Graham Wallas (born May 31, 1858, Sunderland, Eng.—died Aug. 10, 1932, London) was a British educator, public official, and political scientist known for his contributions to the development of an empirical approach to the study of human behaviour.
Wallas studied at Oxford (1877–81) and was a teacher (1881–90). He joined the Fabian Society in 1886 and was a contributor to Fabian Essays in Socialism (1889). Growing dissatisfied with the anti-liberal views of many of the leading Fabians, however, he resigned from the executive committee in 1895 and from the society in 1904.

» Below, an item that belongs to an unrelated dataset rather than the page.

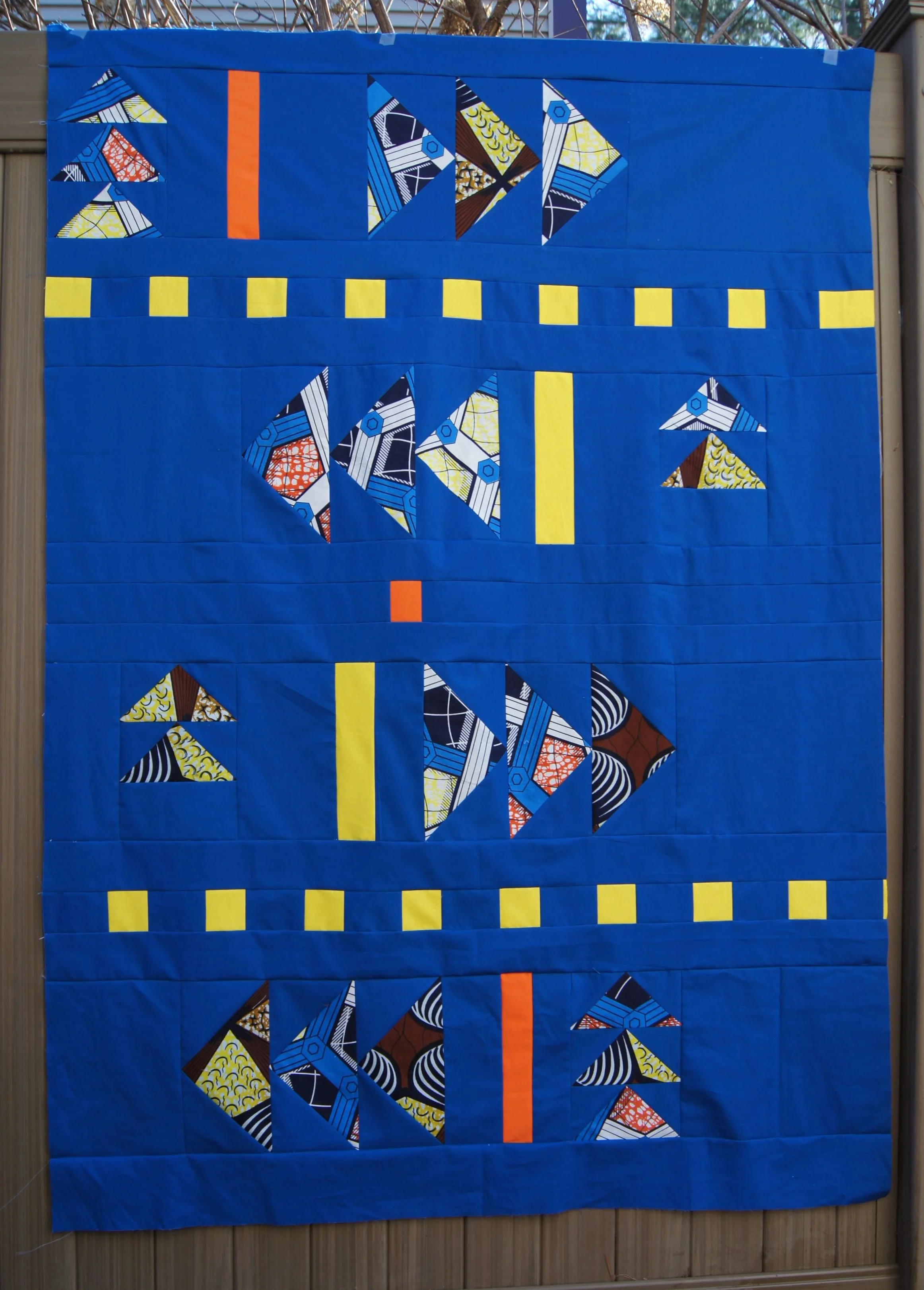 Cheryl has made a quilt of with the colored dancing bars seen on a music equalizer. My brother, who spent his teens and early 20s in recording booths, would love this one!

Wallas began a distinguished career in higher education in 1890 as a university extension lecturer. In 1895 he joined the faculty of the London School of Economics, where he taught until his retirement in 1923. He served on the London County Council (1904–07) and was a member of its Education Committee (1908–10). He was also chairman of the school management committee of the London School Board. In 1914 he became university professor of political science at the University of London.
Wallas’ writings reflected a basic optimism toward social problems mixed with some skepticism. He was highly critical of contemporary social science for not being sufficiently scientific. Among Wallas’ major works are The Life of Francis Place (1898), a study of the 19th-century liberal reformer and trade union supporter; Human Nature in Politics (1908), an appeal for more understanding of the psychological aspects of political behaviour; and The Great Society (1914), an amplification of themes in Human Nature in Politics, examining human nature in a complex industrial society.